The Pakistan Government flatly denied any prior knowledge or complicity in the raid and about OBLs long presence in his highly conspicuous Abbottabad house, despite the numerous intelligence spooks crawling all over the place. Did they and their bosses know of OBL’s presence if indeed he was behind the high walls, and were they shielding him? The CIA had been casing the house from across the road for years. Dr. Afridi’s notorious polio campaign meant to get DNA samples of the occupants’ children was just one act in the whole sordid drama.

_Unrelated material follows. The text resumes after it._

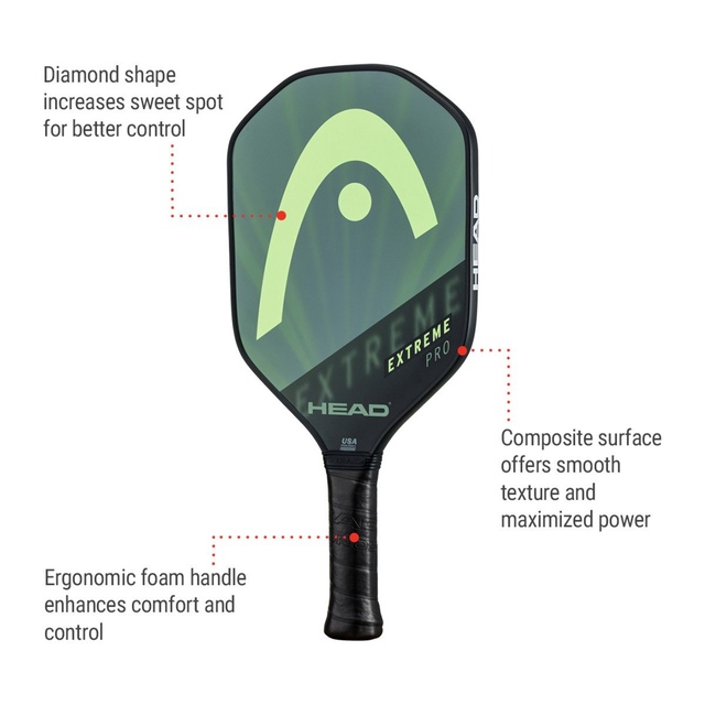 With a Composite Hitting Surface and a unique Diamond Shape, the Head Extreme Pro Pickleball Racquet offers increased power while still maintaining great control on every shot. This pickleball racquet incorporates a Comfort Grip for less vibration and a softer feel during play. The Control Stabilizer Technology (CST) optimizes the paddle's torsional stability and reduces vibrations. Plus, the engineered surface on this pickleball paddle provides increased comfort on impact and great playability.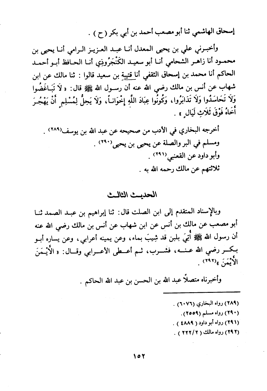 ح وَأَخْبَرَنِي عَلِيُّ بْنُ يَحْيَى الْمُعَدَّلُ، أنا عَبْدُ الْعَزِيزِ الرَّامِي، أنا يَحْيَى بْنُ مَحْمُودٍ، أنا زَاهِرٌ الشَّحَّامِيُّ، أنا أَبُو سَعِيدٍ الْكَنْجَرُوذِيُّ، أنا الْحَافِظُ أَبُو أَحْمَدَ الْحَاكِمُ، أنا مُحَمَّدُ بْنُ إِسْحَاقَ الثَّقَفِيُّ، أنا قُتَيْبَةُ بْنُ سَعِيدٍ , قَالُوا: ثنا مَالِكٌ، عَنِ ابْنِ شِهَابٍ، عَنْ أَنَسِ بْنِ مَالِكٍ رَضِيَ اللَّهُ عَنْه , أَنَّ رَسُولَ اللَّهِ صَلَّى اللَّهُ عَلَيْهِ وَسَلَّمَ قَالَ: لا تَبَاغَضُوا وَلا تَحَاسَدُوا وَلا تَدَابَرُوا، وَكُونُوا عِبَادَ اللَّهِ إِخْوَانًا، وَلا يَحِلُّ لِمُسْلِمٍ أَنْ يَهْجُرَ أَخَاهُ فَوْقَ ثَلاثِ لَيَالٍ.

Coming to the heli-borne raid itself, comprising two CH-47 Chinook and two UH-60 Black Hawk helicopters that were able to reach Abbottabad undetected, carry out their mission and make a safe exit (less one Black Hawk which crashed while landing in OBL compound’s backyard) in the middle of the night, it should not come as any surprise. The terrain and the timing were perfect for a stealth operation by sophisticated, specially modified, night-vision and navigation/communication equipped helicopters. The PAF, whose western radars were reportedly in night operation mode, did scramble two jets midway through the raid, but these were recalled. Abbottabad, a garrison town, was fast asleep. The SEALs came in, Rambo-style, did their dirty work and fled post-haste with OBL’s body to Afghanistan.

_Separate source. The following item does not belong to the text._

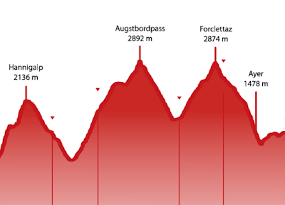 Fiechist lahkudes ootas kohe ees tõus mis oli suurem kui elu. Ega mul ausaltöelda mingeid mälupilte selle kohta praegu küll ei ole. Ka järgnenud laskumine koos uue tõusuga on kadunud üleüldisesse unenäotaolisesse sigrimigrisse. Meeletult ilusad vaated segatuna suure väsimusega mis kohatiselt tekitas lootusetusetunde eesootava ebaloomulikult suure distantsi kohta. Aga vahetevahel andis väsimus natuke järgi ja niimoodi oligi tunnetel pidev uperpallitamine, mis vaheldus "täitsa pekkis, ma ei suuda seda kunagi lõpuni teha" ja "käkitegu, ma teen selle mängeldes ära" vahel. Päeval paistab ka päike ja temperatuur muutub üsna soojaks, tunnetuslikult nii 25 kraadi kanti. Üleval mägedes on küll jahedam, aga orupõhjast hingab kuuma vastu. Kuna stardipäev on jahe ja pilves olnud, siis loomulikult on ka päikesekreem ning nokats follower bag's ja põlen korralikult ära. Vahepeal on päris tore teeninduspunktikogemus Giw'is, kus lisaks muule ka õlut pakutakse. Viimane laskumine enne Eistenis asuvat baasi on eriti vastik. Järsk laskumine juurikase metsa vahel, kus teerada vahest väga ära kaduma kippus. Juurikate tihedus oli selline, et vahetevahel tundus neid mitmete kihtidena üksteise peale kuhjunud olevat. Eistenisse jõudes oli täitunud 100 km ja väsimus oli suur. Lisandunud oli nüüd ka uni, olin kokku liikumises olnud üle 30 tunni ja võtnud juba 7200 tõusumeetrit. Baasis kõigepealt sõin kõhu täis, panin pealambi akud ja kella laadima ja läksin magama. See toimus suures võimlas mattide peal. Olin planeerinud magada 2 tundi. Edu cut-off aja ees oli piisavalt suureks kasvanud, et sain endale seda lubada. Ja kuna edaspidi muutusid cut-offid järjest lõdvemaks, siis sain südamerahuga suure osa olemasolevast ajast ära kasutada. Ärgates vaatasin telefonist kella ja nägin, et olen kogu planeeritud aja peaaegu täis maganud, või vähemalt mu unesegane pea arvas niimoodi, sest peale mõningast asjade kokkupakkimist ja riietumist avastasin, et tegelikult olin maganud vaid tunni. Proovisin siis uuesti uinuda, aga see ei tahtnud kuidagi õnnestuda. Iga viie minuti tagant ärkasin ja vaatasin kella. Kui pool tundi oli möödunud, siis sai mul sellest kõrini, sõin veel natuke, jõin kohvi ja asusin jälle teele.

About the helicopter crash: its tail hit the boundary wall of OBL’s backyard while attempting to land with one group of SEALs , while the other one made a high hover over the roof with the second group of SEALs who fast-roped onto the upper storey and then trooped downstairs, weapons at the ready. As a former Army Aviation helicopter pilot, I can say with some authority that the US Army’s top-notch pilots botched the landing. There were any number of safe and effective ways to insert the SEALs from the rear of the house. On completing the mission the SEALs blew up the helicopter before departing in their waiting Chinooks and one Blackhawk. In due course the wreckage was removed to a facility near Rawalpindi. The crowning insult came when the US asked for, and obtained, the wreckage, perhaps to preclude its high tech parts falling into the hands of another power.
One recalls the breast beating by our officialdom and politicians after the event, crying that our “sovereignty “ had been blatantly violated, something heard ad nauseam from every government and media forum for years on end with reference to US drone attacks in FATAs and elsewhere. So too after the raid; the sham tears shed to appease the gullible Pakistani public, all to no avail.
It is said that truth is the first casualty of war. This seems to be the case in OBL’s death.

The writer is a retired Brigadier and a former Army Aviation helicopter pilot cum engineer.